Preventing future data breaches is critical for the integrity and security of food ordering services. Implementing robust security measures and best practices helps protect customer data from unauthorised access and potential exploitation.

What Security Measures Can Food Ordering Services Implement To Protect Customer Data?

Food ordering services can implement encryption protocols, secure data storage, and access controls to safeguard customer data from unauthorised access. Regular security audits and assessments also help identify and address potential vulnerabilities in the system.
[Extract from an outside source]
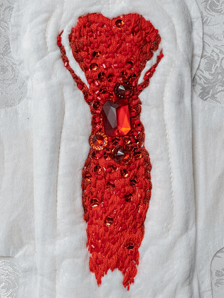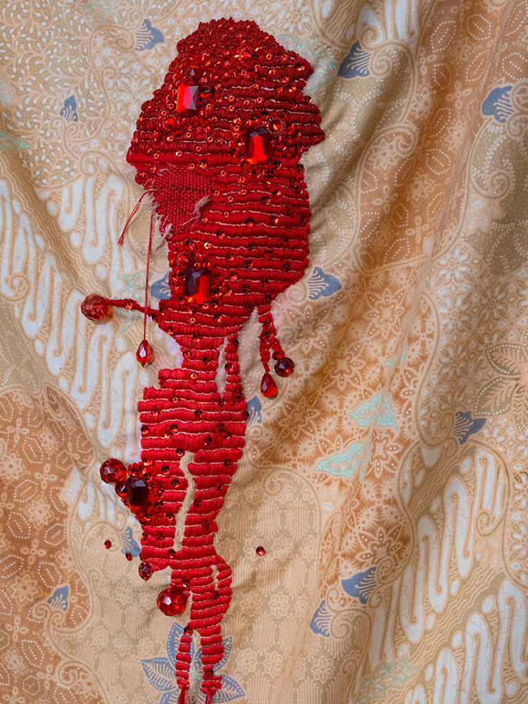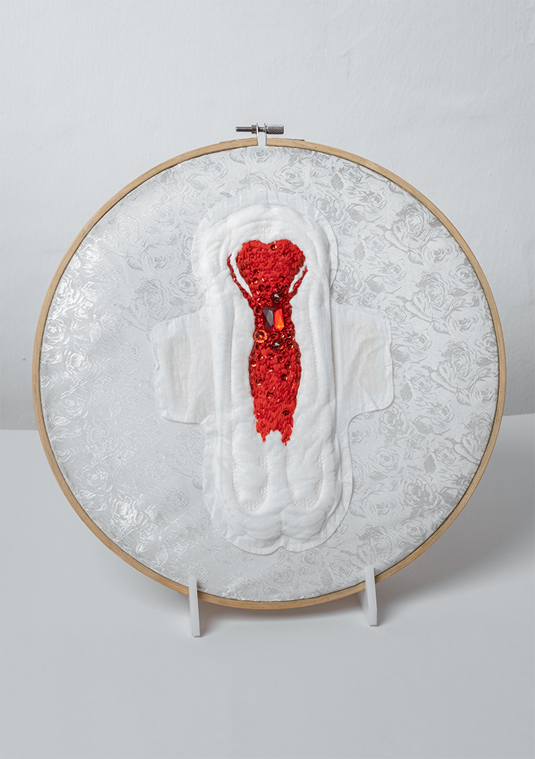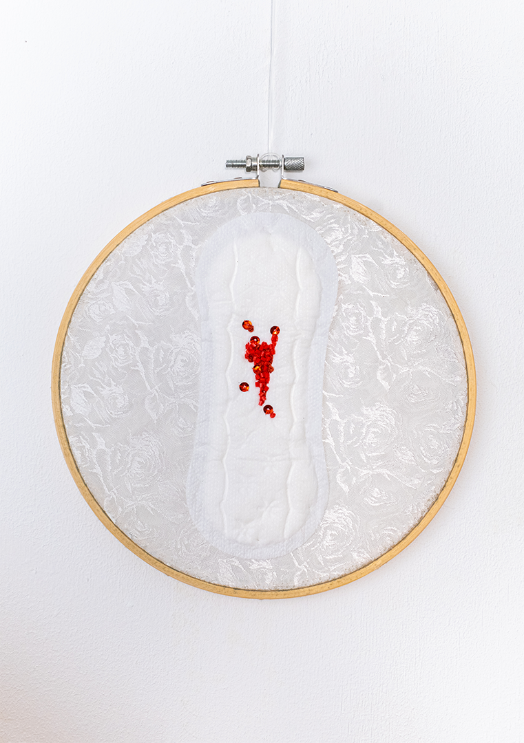 When I think of menstruation, I think of pain, stigma, and shame. I think of how having your period is such an intrinsic part of being human but we can’t speak openly about it because it’s treated with so much disgust by people who don’t even experience it first hand. This series of works aim to confront that perception, to challenge myself and my audience to view menstruation as something essential, even precious; Arus yang Harus, a necessary flow. I chose embroidery as my medium for a number of reasons, one of which is its connotation to “women’s work”: i.e. a sphere of art that has historically been viewed as inferior, trivial, or frivolous compared to more “serious” male-dominated mediums. But mostly I chose this specific technique for how painstaking and tedious it is. With each stitch I gained an appreciation for the process as well as for my body. I wanted it to be a labour of love, a slow and steady unveiling: what was hidden is now seen, what was foreign is making itself familiar, and it is beautiful.

How Crucial Is the Use of Multi-Factor Authentication in Food Ordering Services?

Multi-factor authentication plays a crucial role in enhancing security for food ordering services by requiring additional verification steps beyond passwords. This additional layer of security helps prevent unauthorised access, reducing the risk of data breaches and unauthorised account access.

Strategies for Data Breach Prevention: Keeping Your Information Safe
Strategies for Data Breach Prevention: Keeping Your Information Safe

What Role Do Developers and Coding Practices Play in Securing Food Ordering Services?

Developers and coding practices have a significant impact on the security of food ordering services. Adhering to secure coding practices, conducting regular code reviews, and implementing secure coding standards help minimise vulnerabilities and reduce the risk of exploitation by malicious actors.

What Are the Consumer Rights Regarding Data Breach Notification?

Consumers have certain rights and expectations regarding data breach notifications from companies that handle their personal information. Clear and timely communication about data breaches is essential for consumers to take appropriate measures to protect their privacy and mitigate potential risks.

What Recourse Do Consumers Have if Companies Fail To Properly Notify Them of a Data Breach?

If companies fail to provide timely and accurate breach notifications, consumers have the right to pursue legal recourse, file complaints with relevant regulatory authorities, and seek compensation for any damages or losses resulting from the inadequate handling of the data breach.

Remember, if you’re concerned about your data being compromised in the EatStreet breach, it’s best to be proactive and take steps to protect yourself, such as monitoring your credit reports and changing passwords for any potentially affected accounts.